Just to give you a bit of perspective, we added timeout to guarantee 
some level of QoS from the search engine. Our UI allows user to 
construct very complex queries and (what is worse) not all the time user 
really understands what she needs. That may become a problem if we have 
lots of users doing that. In this case I do not want to run such a 
complex query for seconds and want to return some result with a warning 
to the user that she is doing something wrong. But clearly, I set a 
timeout too low for that and started to harm even normal queries.


Anyway, thanks everyone for the replies. The issue is fixed and I now 
understand how timeout works much better (which was the reason to post 
to this list). Thanks!


-- Aleksey

On 12-11-22 06:37 AM, Otis Gospodnetic wrote:

Hi,

Maybe your goal should be to make your queries faster instead of fighting
with timeouts which are known not to work well.
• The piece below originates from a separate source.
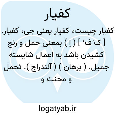 کفیار. [ ک َف ْ ] ( اِ ) بمعنی حمل و رنج کشیدن باشد به اعمال شایسته جمیل. ( برهان ) ( آنندراج ). تحمل و محنت و رنج در کارهای نیک و شایسته. ( ناظم الاطباء ).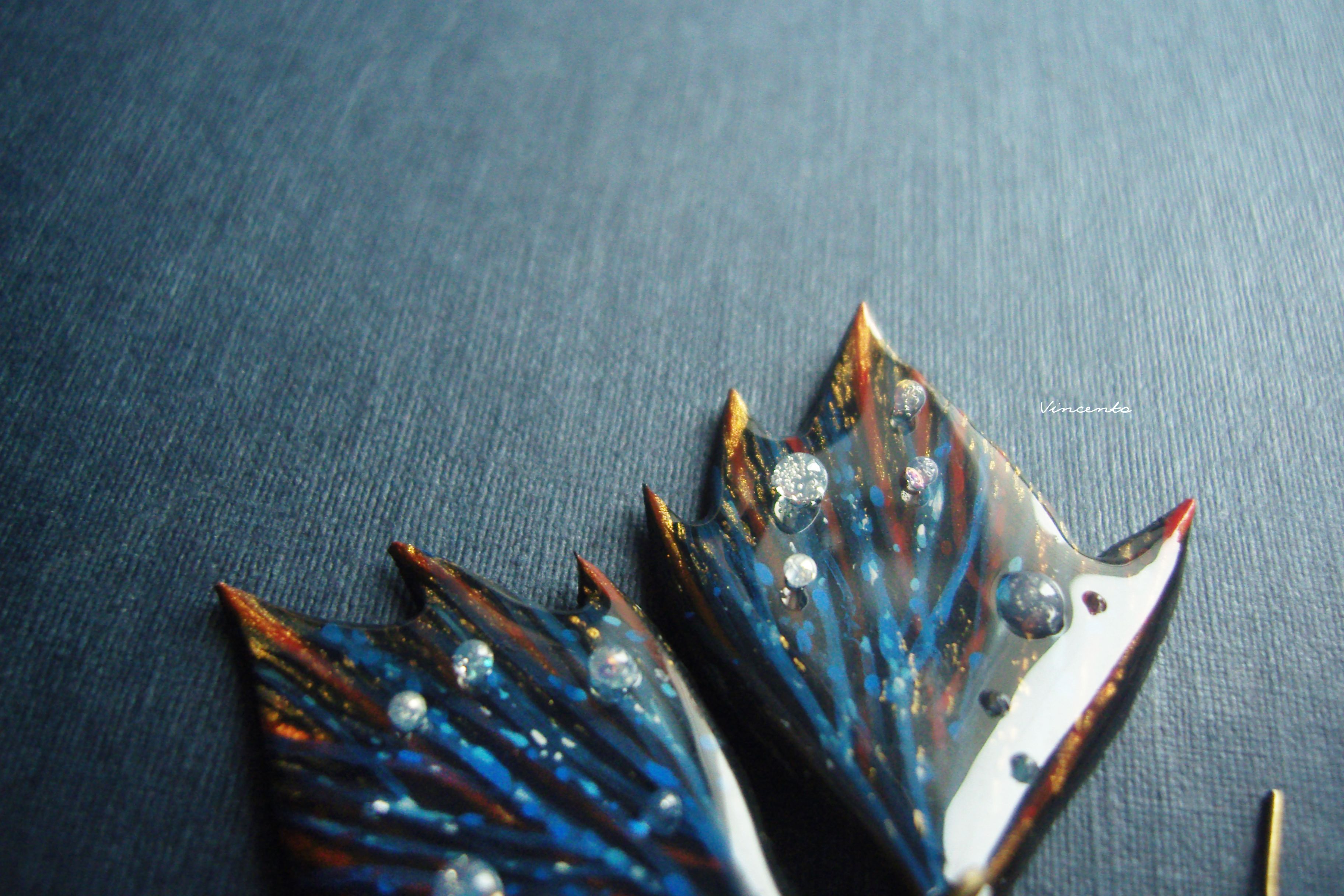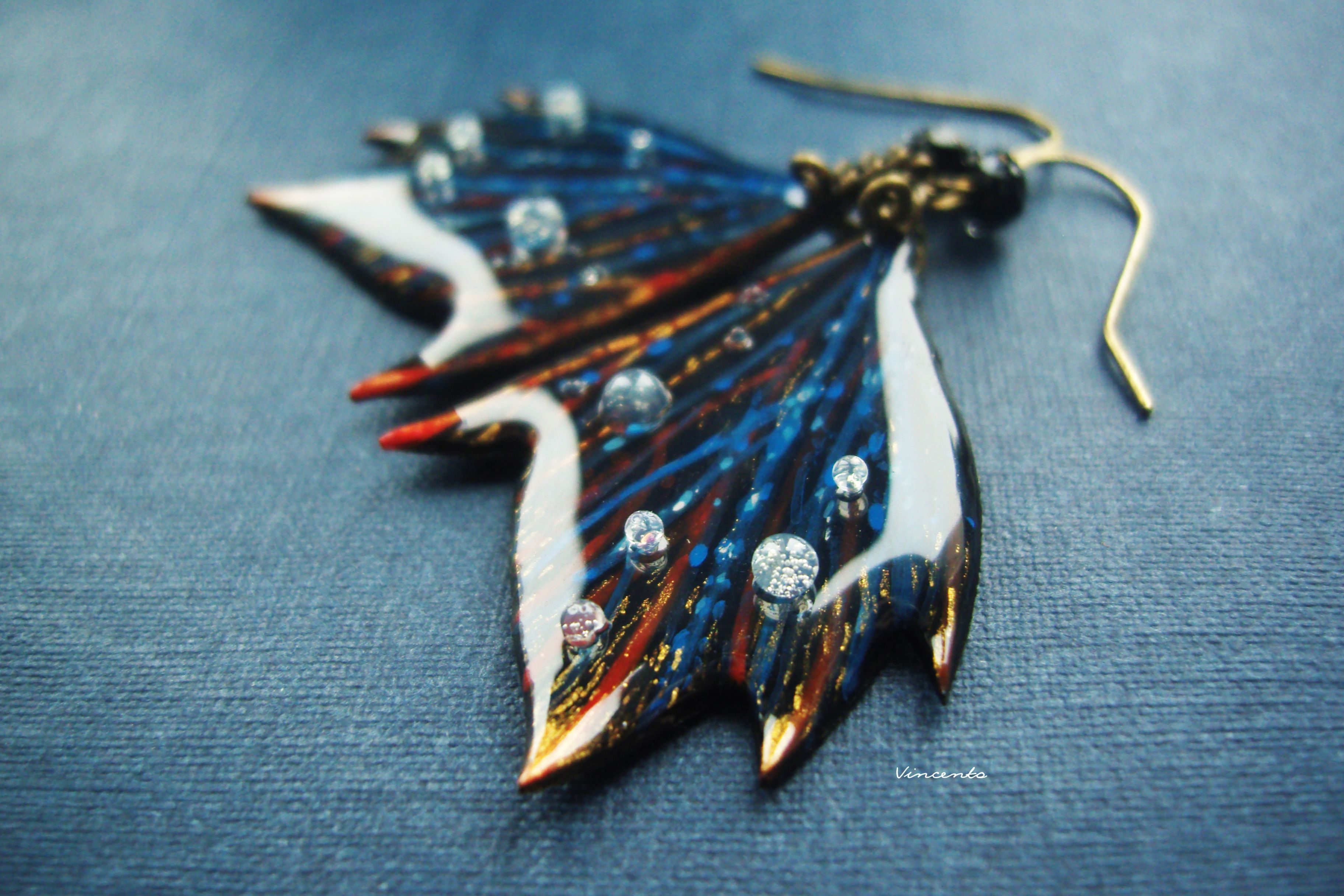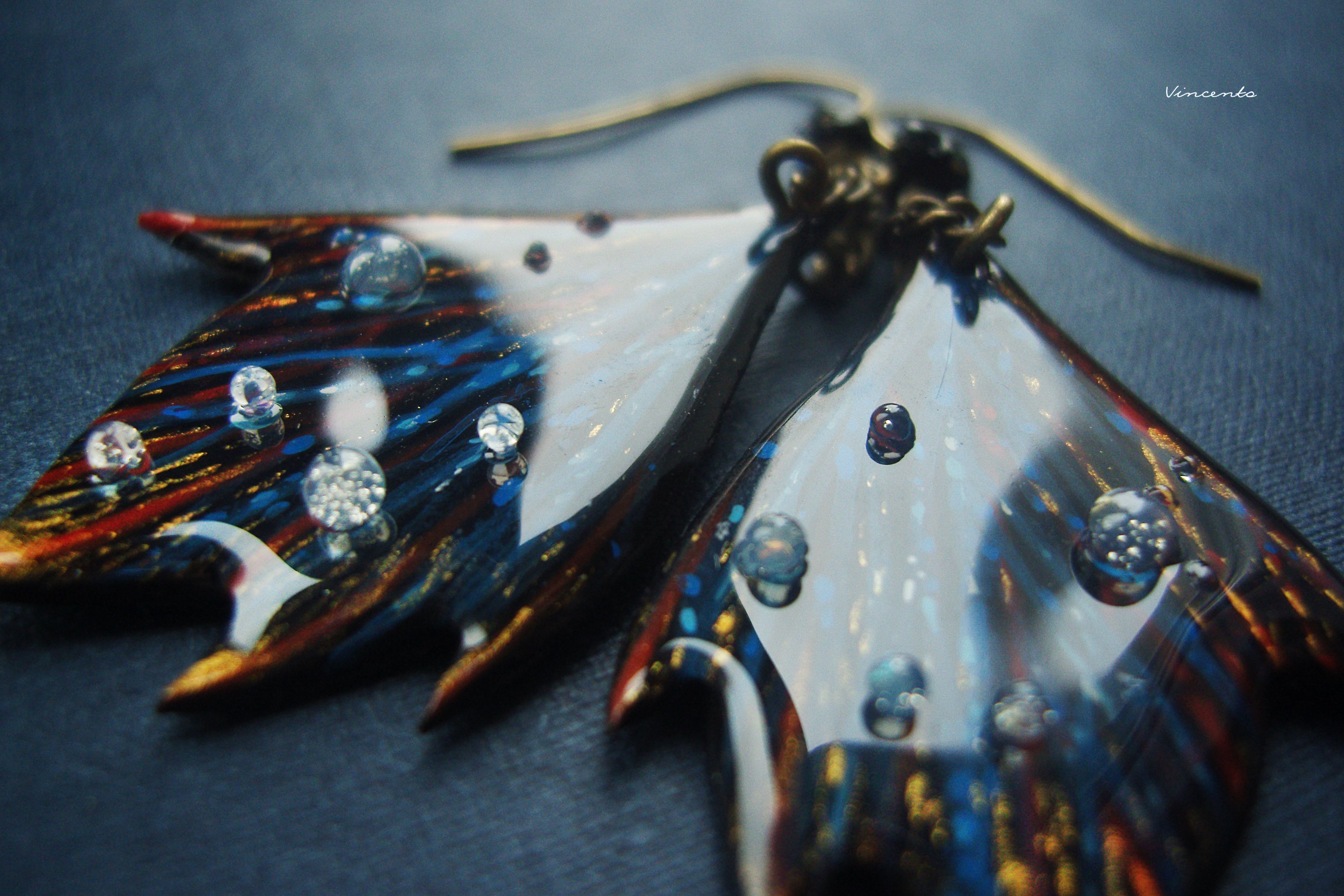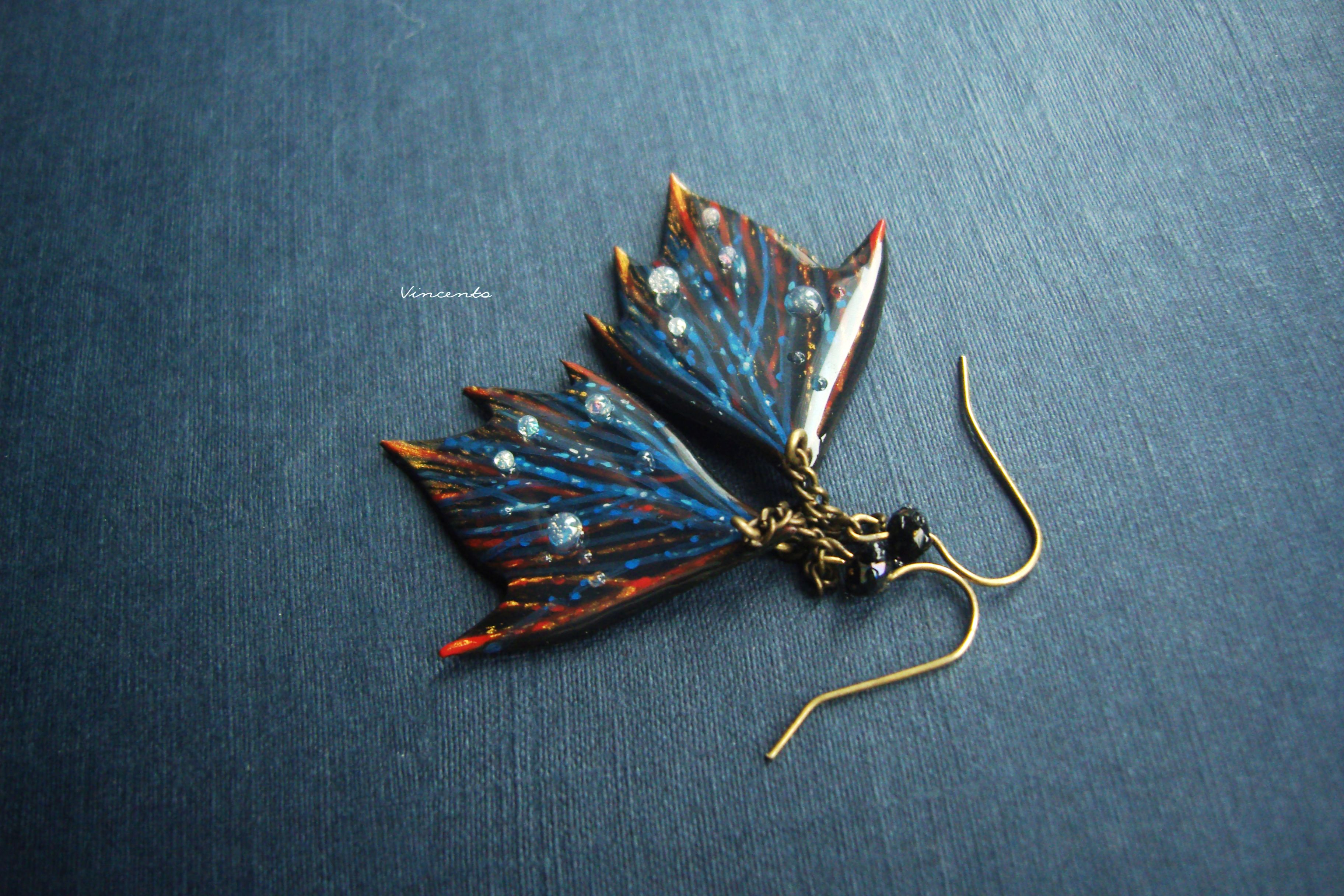 - Необычные серьги в стиле фэнтези, повторяющие образ волшебной огненно-водной бабочки Первоэлемента.

What is your hardware like?
How about your queries?
What do you see in debugQuery=true output?

Otis
--
SOLR Performance Monitoring - http://sematext.com/spm
On Nov 21, 2012 6:04 PM, "Aleksey Vorona"  wrote:


In all of my queries I have timeAllowed parameter. My application is ready
for partial results. However, whenever Solr returns partial result it is a
very bad result.

For example, I have a test query and here its execution log with the
strict time allowed:
 WARNING: Query: ; Elapsed time: 120Exceeded allowed search
time: 100 ms.
 INFO: [] webapp=/solr path=/select params={&timeAllowed=**100}
hits=189 status=0 QTime=119
Here it is without such a strict limitation:
 INFO: [] webapp=/solr path=/select params={&timeAllowed=**1}
hits=582 status=0 QTime=124

The total execution time is different by mere 5 ms, but the partial result
has only about 1/3 of the full result.

Is it the expected behaviour? Does that mean I can never rely on the
partial results?

I added timeAllowed to protect from too expensive wide queries, but I
still want to return something relevant to the user. This query returned
30% of the full result, but I have other queries in the log where partial
result is just empty. Am I doing something wrong?

P.S. I am using Solr 3.6.1, index size is 3Gb and easily fits in memory.
Load Average on the Solr box is very low.

-- Aleksey





Re: Partial results with not enough hits

2012-11-22 Thread Aleksey Vorona

Thank you!

That seems to be the case, I tried to execute queries without sorting 
and only one document in the response and I got execution time in the 
same range as before.


-- Aleksey

On 12-11-21 04:07 PM, Jack Krupansky wrote:

It could be that the time to get set up to return even the first result is
high and then each additional document is a minimal increment in time.

Do a query with &rows=1 (or even 0) and see what the minimum query time is
for your query, index, and environment.

-- Jack Krupansky

-Original Message-
From: Aleksey Vorona
Sent: Wednesday, November 21, 2012 6:04 PM
To: solr-user@lucene.apache.org
Subject: Partial results with not enough hits

In all of my queries I have timeAllowed parameter. My application is
ready for partial results. However, whenever Solr returns partial result
it is a very bad result.

For example, I have a test query and here its execution log with the
strict time allowed:
  WARNING: Query: ; Elapsed time: 120Exceeded allowed search
time: 100 ms.
  INFO: [] webapp=/solr path=/select
params={&timeAllowed=100} hits=189 status=0 QTime=119
Here it is without such a strict limitation:
  INFO: [] webapp=/solr path=/select
params={&timeAllowed=1} hits=582 status=0 QTime=124

The total execution time is different by mere 5 ms, but the partial
result has only about 1/3 of the full result.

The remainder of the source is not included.